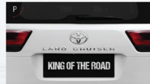
A F33A-FTV V6 TWIN TURBO
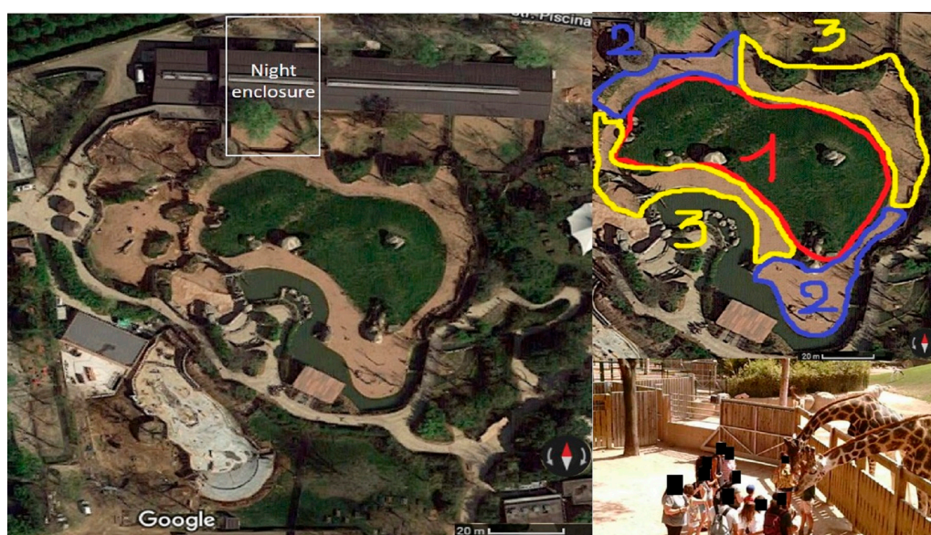
Figure 1. The giraffes' enclosure: on the left—airial view with the night enclosure in the grey rectangle; on the right, top—the zones used for space use analysis; on the right, bottom: a picture of an actual interaction.

The giraffes' overall enclosure consists of a night enclosure and an adjacent day exhibit, divided by a \pm 2.5 m high fence with a gate (Figure 1). The night enclosure consists of two straw bedded ( \pm 3 m \times \pm 1.5 m) indoor stalls and a 260 m 2 outdoor area. The day enclosure (3600 m 2 approximately) is a naturalistic mixed-species exhibit, housing the four giraffes, Mohr gazelles ( Nanger dama ), Thomson's gazelle ( Eudorcas thomsonii ), waterbucks ( Kobus ellipsiprymnus ), blesboks ( Damaliscus pygargus phillipsi ), impalas ( Aepyceros melampus ), ostriches ( Struthio camelus ), and several other bird species.
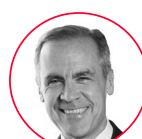
Mark Carney (TBC) UN Special Envoy on Climate Action and Finance

For further information please contact finance.logistics@g20-indonesia.id
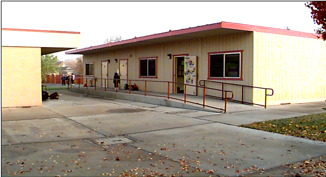
Typical portable (relocatable) classrooms.

2001 school year were portable classrooms. It is estimated that about 80,000 to 85,000 are currently in use as classrooms in California.
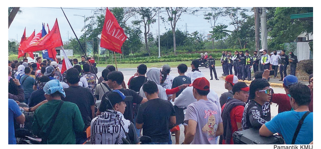
KMU-affiliated workers at Dutch Nexperia electronics plant confront private guards attempting to break their picket line. The unions must stand together against the imperialist bosses!

imperialists. At the same time, the proletariat grew as new layers were drawn into manufacturing. A large urban petty bourgeoisie emerged which, like the proletariat, is exploited by imperialist finance capital. The Filipino working people directly confront the imperialist bosses.

# # #

EXERCISE DESCRIPTION
Only the count, no other text: how many lines in the listing above hold "night"?

SOLUTION
2